§ **Dataset content**
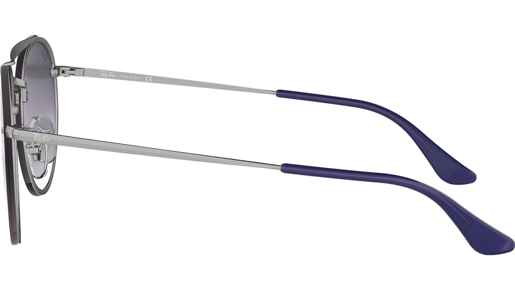 Occhiali da sole Ray-Ban Blaze Round Doublebridge modello RB3614N codice colore 91420U con montatura color argento semi rim in metallo e lenti in poliammide color sfumato viola / blu a specchio. Ray-Ban rappresenta lo stile senza tempo, la semplicità e la libertà di espressione. Come brand di occhiali leader da generazioni, Ray-Ban è all'avanguardia dei cambiamenti culturali e simboleggia l'individualità e la personalità dei tempi. Dal suo debutto, con l'iconico Aviator, creato originariamente per i piloti dell'aviazione degli Stati Uniti, Ray-Ban è stato indossato da celebrità e personaggi pubblici in tutto il mondo, diventando un simbolo di stile e raffinatezza.
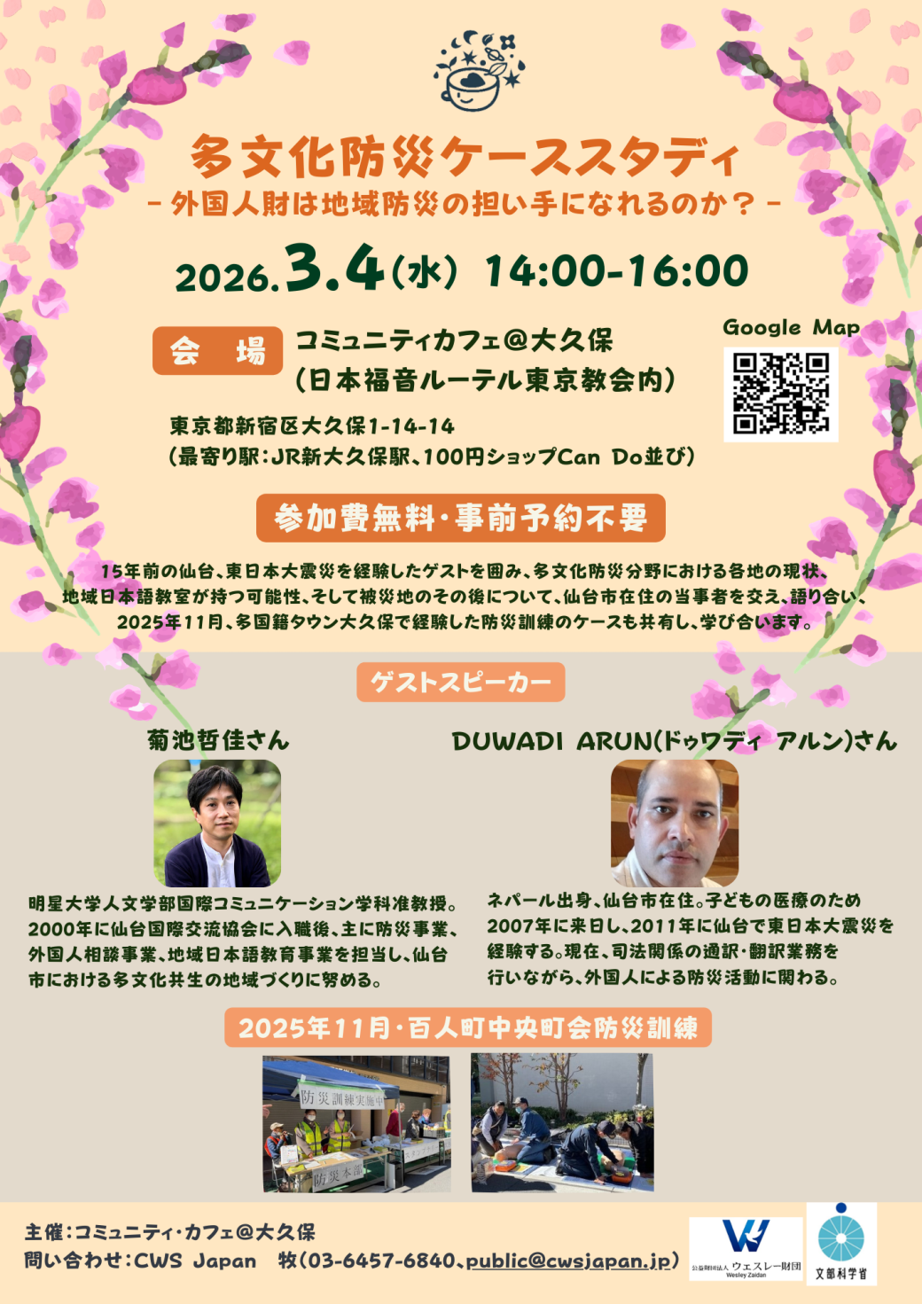 東日本大震災から15年、発災当時、仙台で震災を経験したゲストを囲み、多文化防災分野の現状、地域日本語教室の可能性、その後の仙台市内の外国人住民について学び合います。そして、2025年11月に多国籍タウン大久保で開催した防災訓練の教訓と課題を共有します。
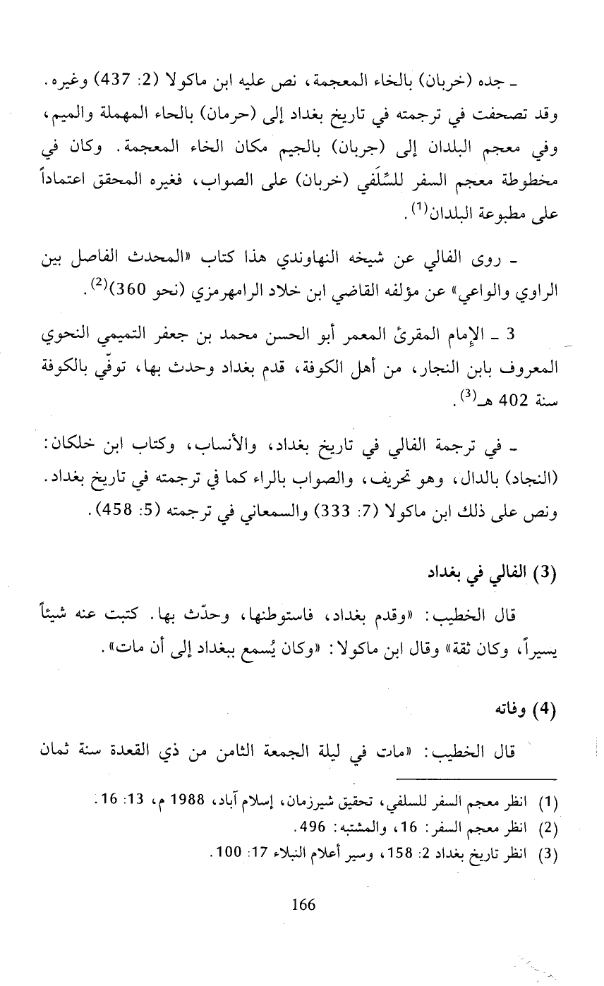 - في ترجمة الفالي في تاريخ بغداد، والأنساب، وكتاب ابن خلكان: (النجاد) بالدال، وهو تحريف، والصواب بالراء كما في ترجمته في تاريخ بغداد. ونص على ذلك ابن ماكولا (7: 333) والسمعاني في ترجمته (5: 458).
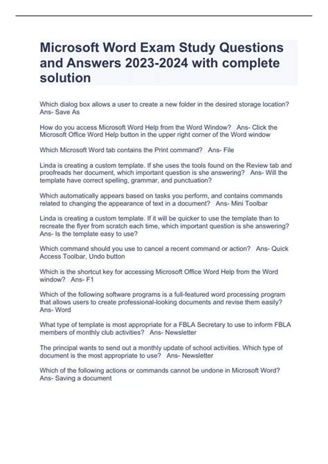 Read Ms Word Exam Questions And Answers Doc

§ **Instructions to follow**
This task calls for the lines from the line holding "東日本大震災から15年、発災" through the last line above, restated word for word with both ends included and the pictures dropped.

§ **Result of the exercise**
 東日本大震災から15年、発災当時、仙台で震災を経験したゲストを囲み、多文化防災分野の現状、地域日本語教室の可能性、その後の仙台市内の外国人住民について学び合います。そして、2025年11月に多国籍タウン大久保で開催した防災訓練の教訓と課題を共有します。
 - في ترجمة الفالي في تاريخ بغداد، والأنساب، وكتاب ابن خلكان: (النجاد) بالدال، وهو تحريف، والصواب بالراء كما في ترجمته في تاريخ بغداد. ونص على ذلك ابن ماكولا (7: 333) والسمعاني في ترجمته (5: 458).
 Read Ms Word Exam Questions And Answers Doc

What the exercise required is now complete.